Ayala sat in the driver's seat wearing the subdued powder blue of the Solarus factory worker. He nervously grinded his teeth across the chewed end of his cigar, the only visible remaining trace of his loud ensemble.
Hatch's best chance of slipping in undetected now rested in the hands of an untrained civilian reporter with an unhealthy attachment to Hawaiian shirts.
Twenty-Seven
Ayala stood on the outer edge of the trail leading from the parking lot to the pedestrian access gate, and beyond that, the Solarus Juice Company. Even though the cool night still prevailed over the coming day's sun, Ayala was already sweating profusely. He tried to sound macho back there in the car when he agreed to do it. The Nighthawk woman had proven her bravery and now it was his turn, but as soon as he'd moved off in the dark, he unburdened himself the fear he'd been holding back in one long body tremble.
Gaining his composure with a long deep inhale and equally long exhale, he set his eyes on the gate and the task ahead. The man pictured on the ID card clipped to his left pocket bore a striking resemblance to Ayala. The excitement he'd experienced at first noticing the resemblance was dashed the moment he stepped from the car.
In his other breast pocket, his cell phone's circular eye of the camera was just barely visible above the top off the pocket. The Bluetooth device nestled in his right ear came to life with the sound of Hatch's voice.
"Tip your head down and to the right. There's plenty of cameras, but the one closest and angled to get the best possible shot of your face is located on the back corner of that storage shed, just beyond the gate."
"How did you see that?" Ayala whispered.
"I ate my carrots as a kid. Now, no more talking. We went over this."
"Thanks for reminding me." Ayala tried to laugh but his nerve-wracked body released it like a hyena's cackle.
Ayala remembered he'd been given strict instructions from Hatch.
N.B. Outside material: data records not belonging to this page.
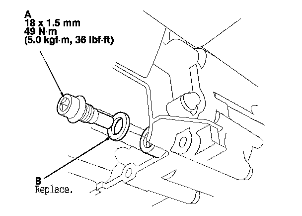 4. Reinstall the drain plug with a new sealing washer (B).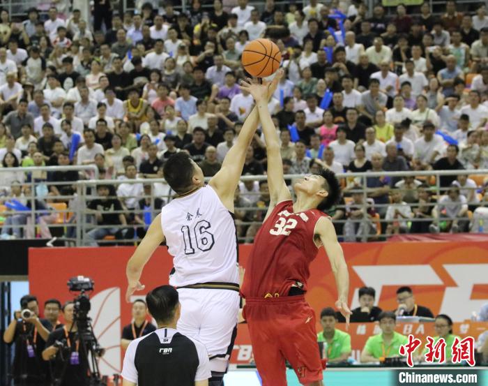 7月9日晚,株洲“厂BA”明星队对战华侨大学男篮。图为比赛开球。周阳 摄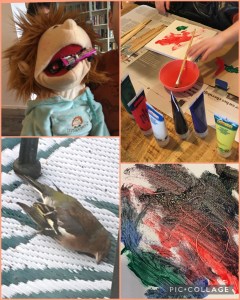 Terwijl dochterlief de oudste naar zijn coach brengt houden hij en ik quality time. Schilderijtje verven, met veel vijven en zessen hou ik zijn korte spanningsboog gevangen. Daarna zijn er de autootjes en grote Greet, die auto’s te eten krijgt, maar met de kleine poppetjes speelt hij het leukst. Hij laat ze van de tafels vallen ‘aaaaaahhhhhh’, dan klimmen ze er weer bovenop, om door te duikelen naar de volgende tafel en weer te vallen ‘aaaaahhhhh’ bast zijn stem van laag naar nog veel lager. Nou vooruit ook een tv-filmpje en hij kiest voor ‘de vloer is lava’. Zo maak je als oma ook nog eens wat mee. Het overbekende spel in het echt uitgevoerd met kolkend rood en oranje, drie mensen die op de drijvende objecten proberen te springen, zoals een ronddraaiend hemelbed, een kist, een kaptafel, een heen en weer zwiepende kroonluchter. Hij geniet ervan. Lacht smakelijk als iemand in de brei verdwijnt, maar springt ook huizenhoog als twee lui de overkant bereiken.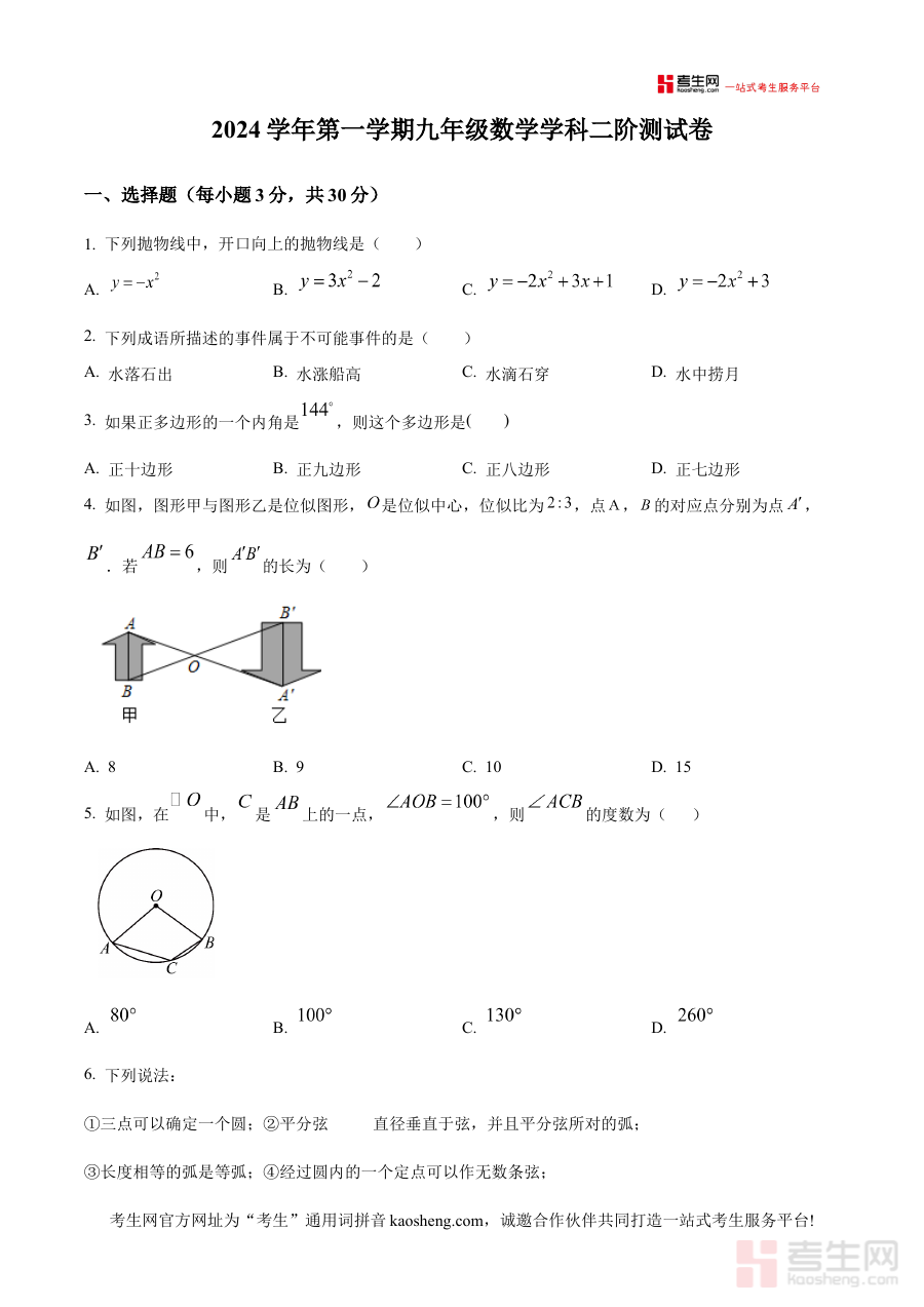 《精品解析:浙江省宁波市鄞州实验中学2024-2025学年九年级上学期二阶测试数学试题(原卷版)》是针对浙江省宁波市鄞州实验中学2024-2025学年九年级上学期二阶测试设计的数学学科备考资料,精准对应该学校该学年九年级上学期的阶段性测试需求,为相关人员提供与实际测试场景一致的原卷内容参考。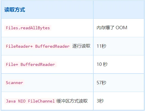Files.readAllBytes一次性加载内内存FileReader+ BufferedReader 逐行读取File+ BufferedReaderScanner逐行读取Java NIO FileChannel缓冲区方式读取在MAC上,使用这几种方式的读取3.4G大小文件的性能对比

This is a one-way radio system.
I am the only one who speaks.
The moment I say move you move.
Hesitation will kill you.
Do not die.
Do not get captured.
In the event you are compromised, I will come for you.
He remembered the intensity in her eyes as she spoke to him. She’d managed to tune out the entire world around her. Hatch's face had been eerily calm, almost serene, as if the impending threat of death held no burden. In that moment, Ayala remembered the cyclonic events that forever changed his life and the conversations he’d had with Hatch about hers.
Looking at Hatch in that car, just before he exited for his rescue attempt, he remembered thinking, Hatch wasn't in one of those calm before the storm moments. She was calm because she was the eye of her own hurricane.
This is a one-way radio system.
Those were Hatch's exact words. He hadn't even made it to the first checkpoint before violating the first rule. He hoped to keep Do not die off the table for the foreseeable future.
He shook off the mistake and focused. Ayala's shaky hand extended the key card from the attached lanyard. He pressed it against the access pad. Here goes nothing, he thought, instead of saying, proud of himself for remembering.
The delay between the red light flipping to green and the door making its electrical buzzing release sound seemed like an eternity to the impatient Ayala.
"I've got eyes on you until you get to that door over there on the left. And don't worry. Once you're inside, I'll still have eyes by way of your cell phone. It should work just as long as the connection holds." There was a pause. In it, Ayala heard Hatch sigh. Her exhale, amplified by the small wireless earbud in his ear, sounded of rushing water crashing over wet stone. The sound of it reminded him of that day by the river. The other day his life changed forever. The story he never told the woman watching on from the passenger seat of his Nissan.